Princess of Mars Princess of Mars
Format: Widescreen 1:33:1
Studio: Asylum Home Entertainment
DVD Release Date: December 29, 2010
MPAA Rating: NR
Running Time: 90 minutes
Hermit Rating: :( = Poor. Don’t put your DVD player through this.

Oh, this is bad. Not bad as in cheesy bad. Just bad. The script is bad. The directing is bad. The acting is bad. The special effects are… what you would expect from a cheesy B-movie. So, they are acceptably cheesy. So how bad is bad? Let me state that about the only thing this movie has in common with the beloved tale from Edgar Rice Burroughs is the title, a few characters with the same name as characters created by Burroughs and an odd reference here and there to people, places, and things in an ineffectively poor attempt to try and legitimize this desecration of the John Carter of Mars series.

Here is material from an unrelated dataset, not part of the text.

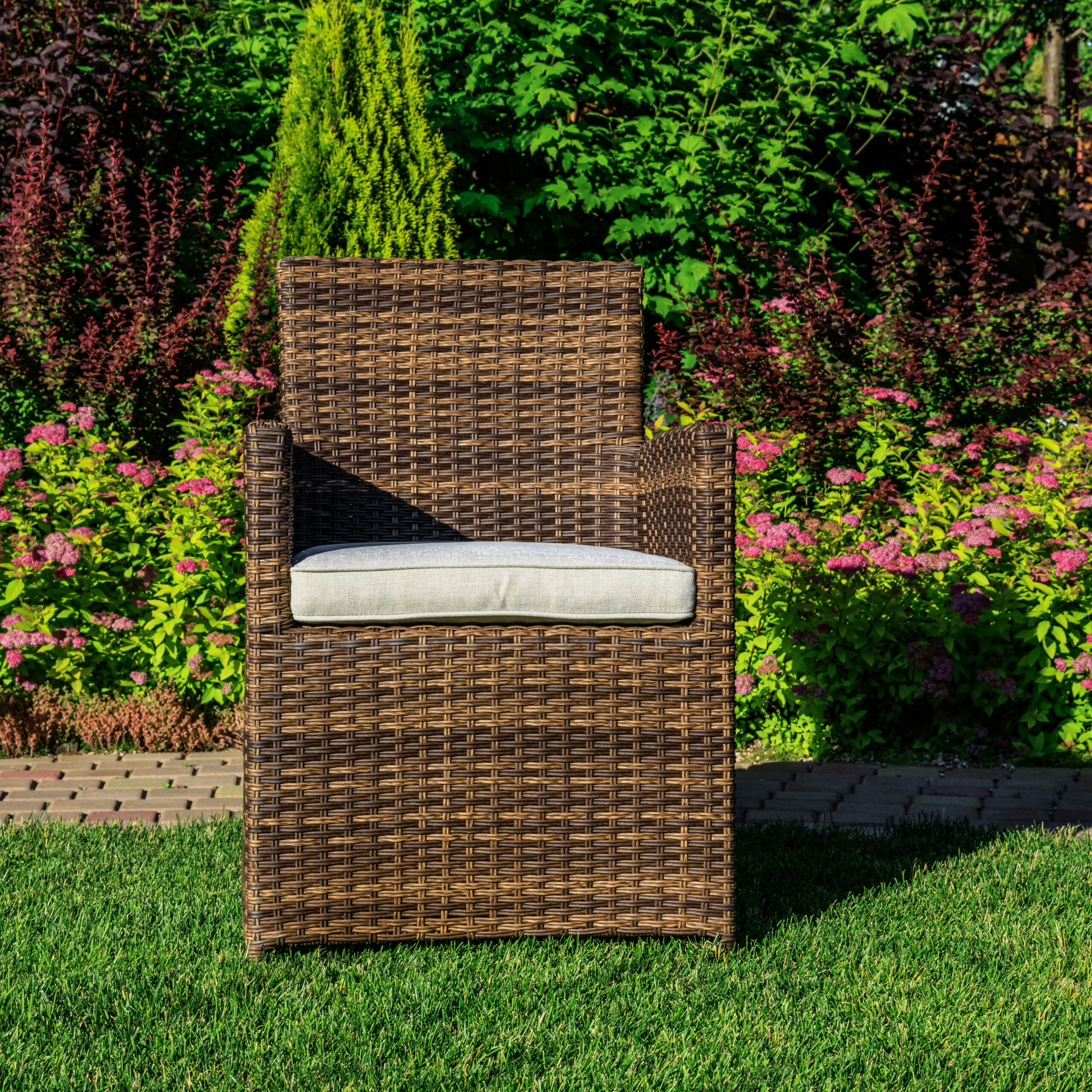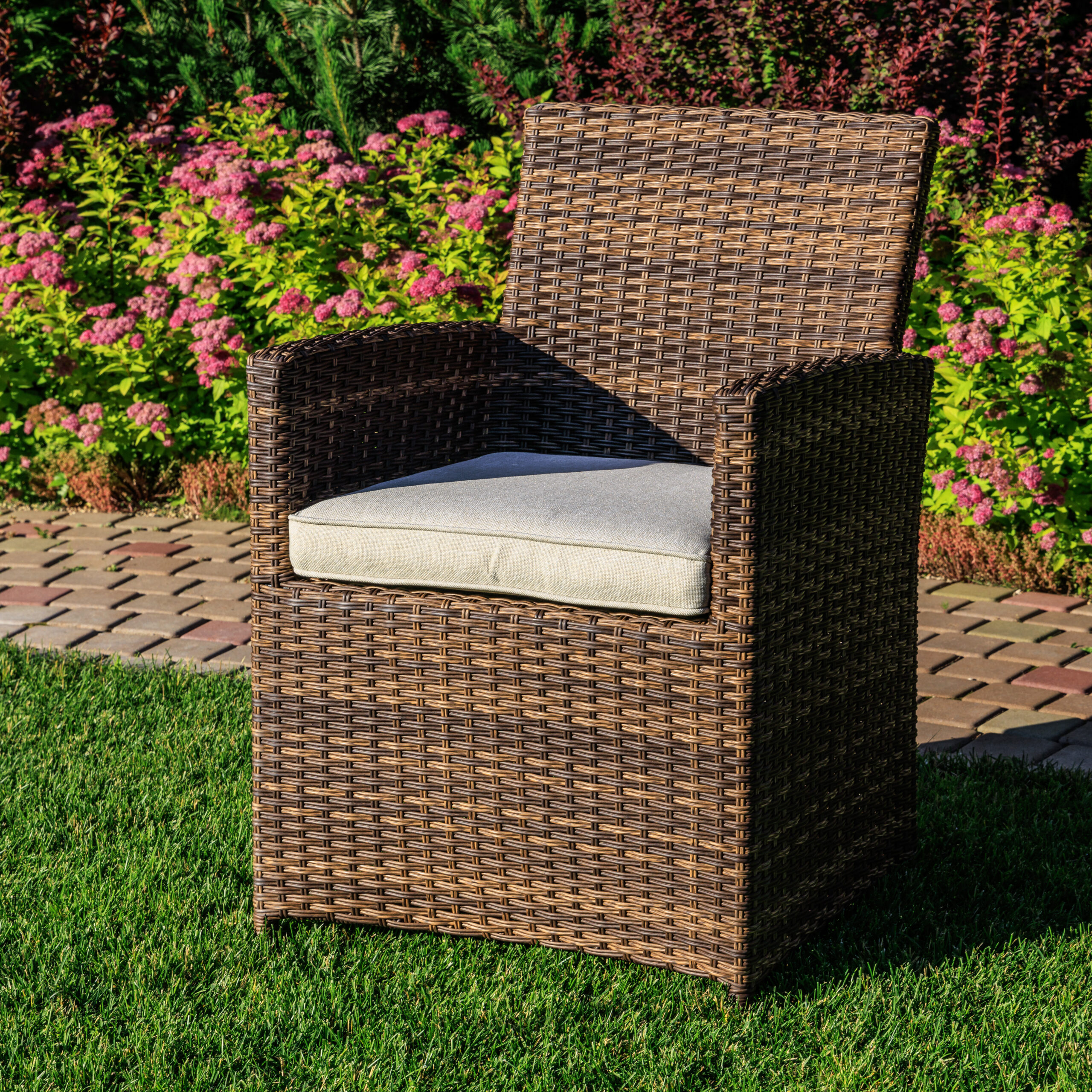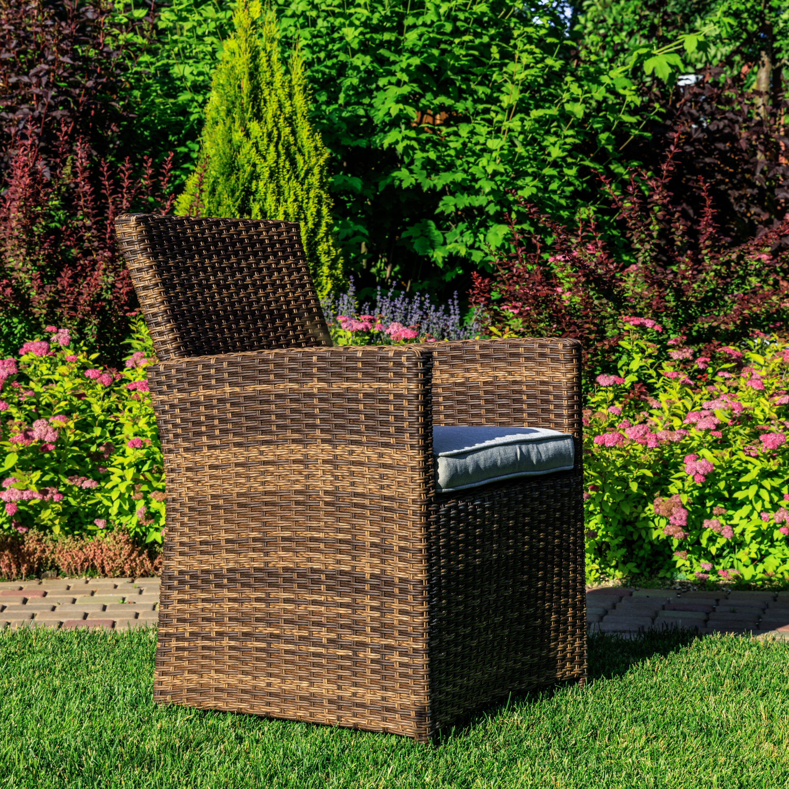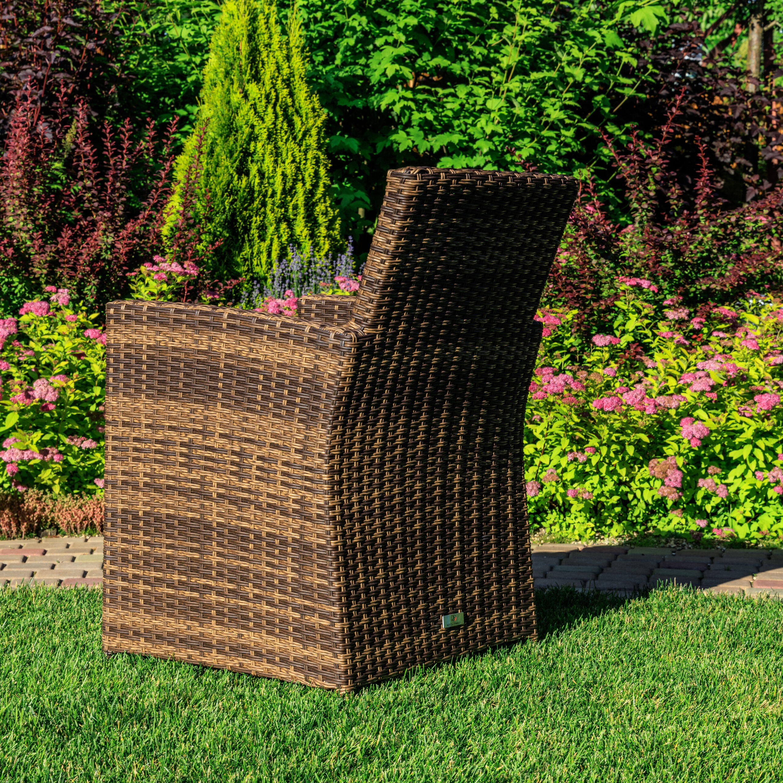Премиальная мебель ручной работы в каждую семью! Обеденное кресло FIONA из искусственного ротанга Обеденное кресло FIONA — станет идеальным решением в зоне отдыха, на садовом участке, в офисе или кафе! Благодаря современному дизайну и сдержанным коричневым оттенкам кресло прекрасно впишется в любой интерьер. Каркас из алюминия способен выдерживать высокие весовые и другие механические нагрузки без риска деформации и расшатывания. Благодаря алюминиевому каркасу его легко перемещать на дачном участке, веранде или террасе. Алюминий не подвержен коррозии, поэтому кресло будет радовать вас долгие годы. В качестве декоративной отделки использовано плотное плетение искусственного ротанга коричневого цвета, не подверженного гниению при контактах с водой и сохраняющего цвет при постоянном воздействии солнечных лучей. Кресло дополнено дополнен мягкими подушками бежевого цвета с чехлами из водонепроницаемой ткани Olefin, что обеспечивает еще больший комфорт и удовольствие Кресло имеет одно посадочное место, допустимая нагрузка на которое 150 кг. Сочетается с комплектами FIONA, GRAND VICKY, ZORRO, ZOYA, KARL, VIOLETTA.

It might have been bearable if Antonio Sabato, Jr. or Traci Lords knew how to act. They don’t. Or had any kind of onscreen chemistry. They have zip. Or if the script had offered any kind of storyline that grabbed you or came close to being interesting. It does not. It might have been watchable if it offered one or two decent battle scenes. It does not. After 80 minutes or so, I would have settled for an exciting, well-choreographed sword fight. What I got was an embarrassment – two grown men clanging prop swords against each other while making faces so it looked like they were really trying to kill each other. They failed. Instead, they looked like two grown men clanging prop swords against each other.

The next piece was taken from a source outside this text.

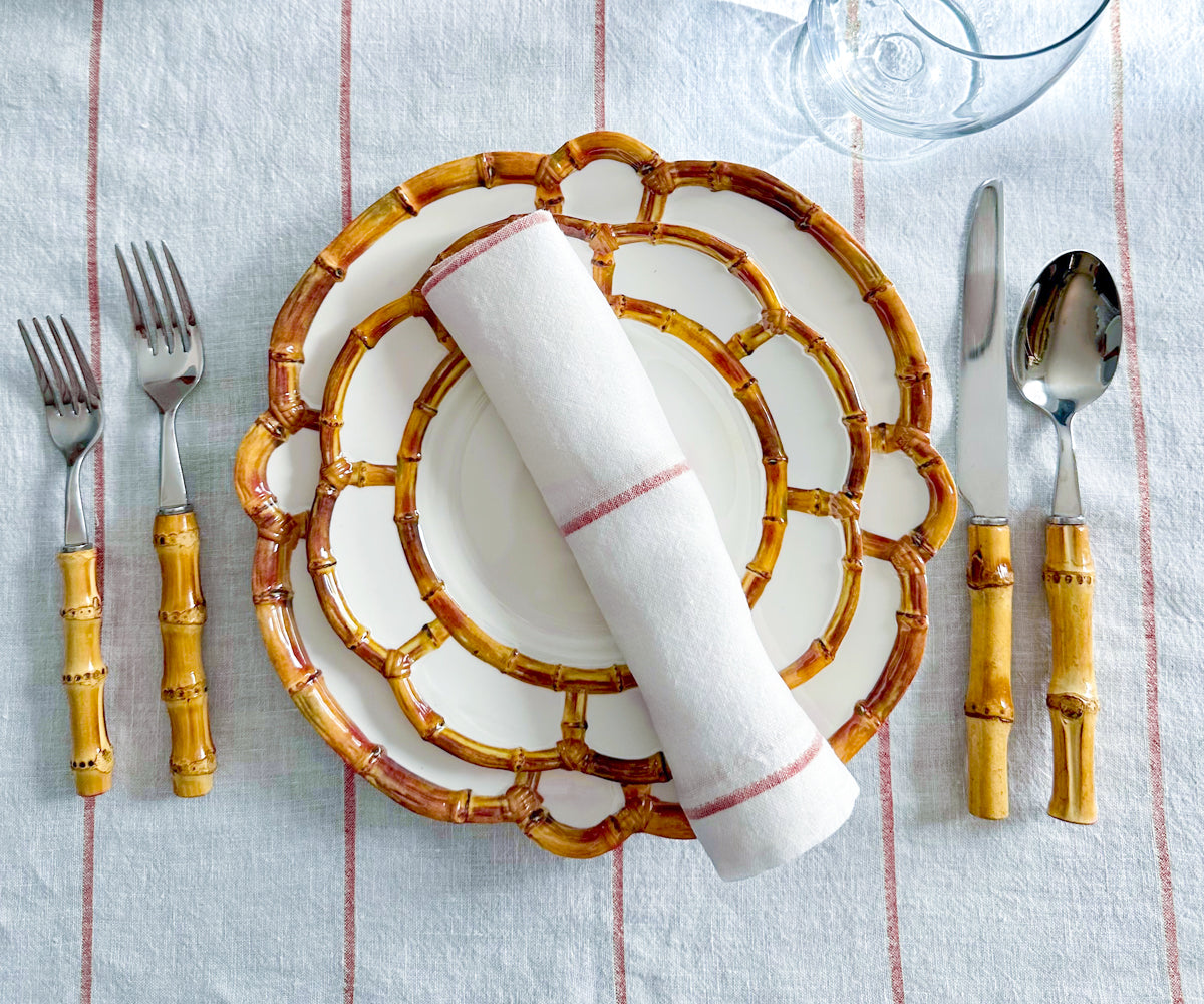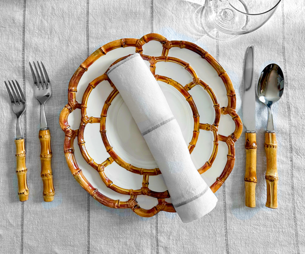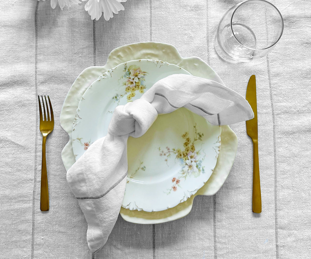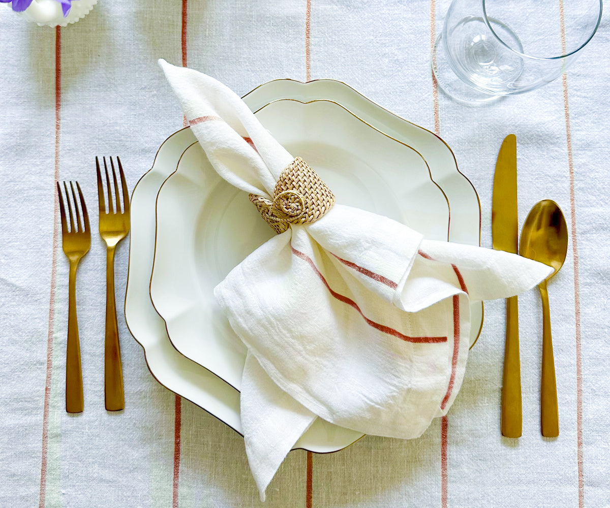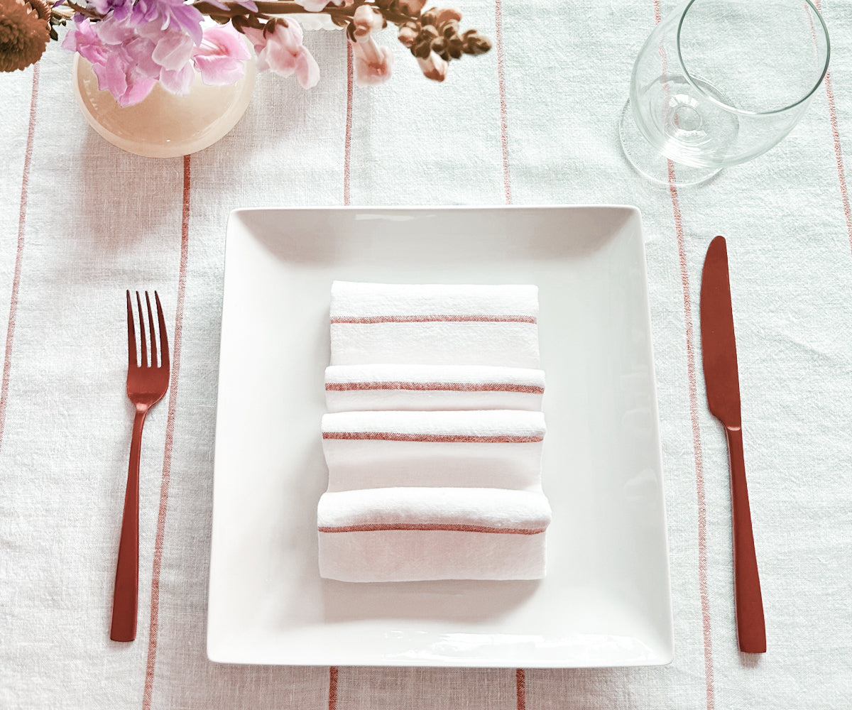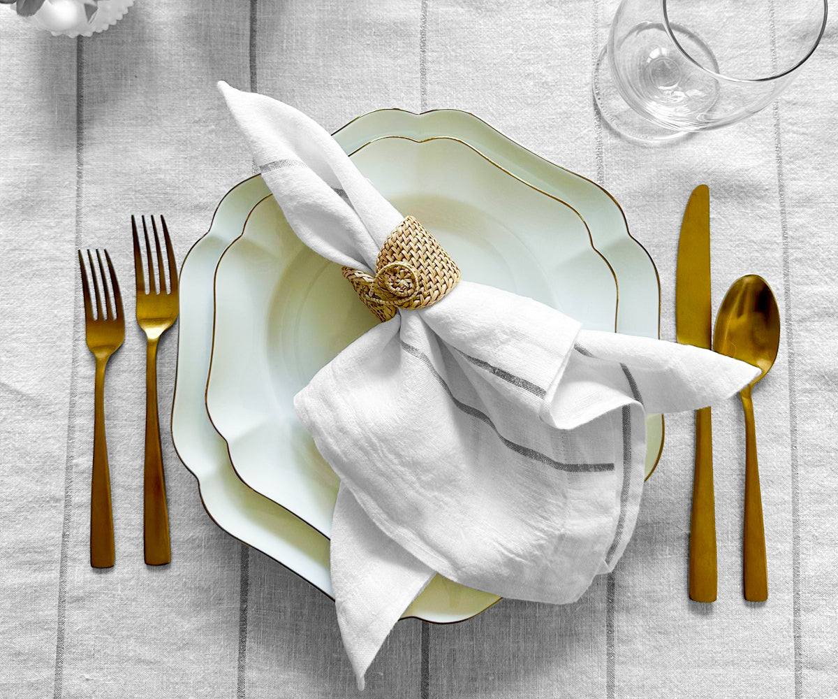 Pair the white linen napkins with an Discover the full Italian Stripe experience with our exclusive collection, featuring and coordinating Italian stripe

I kinda thought I was in trouble when right off we are not meeting a John Carter, former Confederate officer, wounded by Indians. No, we meet a John Carter, U.S. Special Forces operative in Afghanistan. I’m sorry, but there are some tales that just do not need to be “updated” or made “relevant to today’s audiences”! I can respect a filmmaker who tries to bring a classic to the screen and falls short. But these filmmakers did not even try. This monstrosity does not deserve our respect or our time and it certainly does not deserve our money.

There is currently a film in production tentatively titled “John Carter of Mars” that will star, among others, Willem Dafoe, Samantha Morton, Polly Walker, Thomas Haden Church, James Purefoy, Dominic West, and Mark Strong. Do yourself a favor and wait for that film. The rancid taste this film leaves in your mouth may never leave and poison your appetite for another try at seeing John Carter brought to the screen.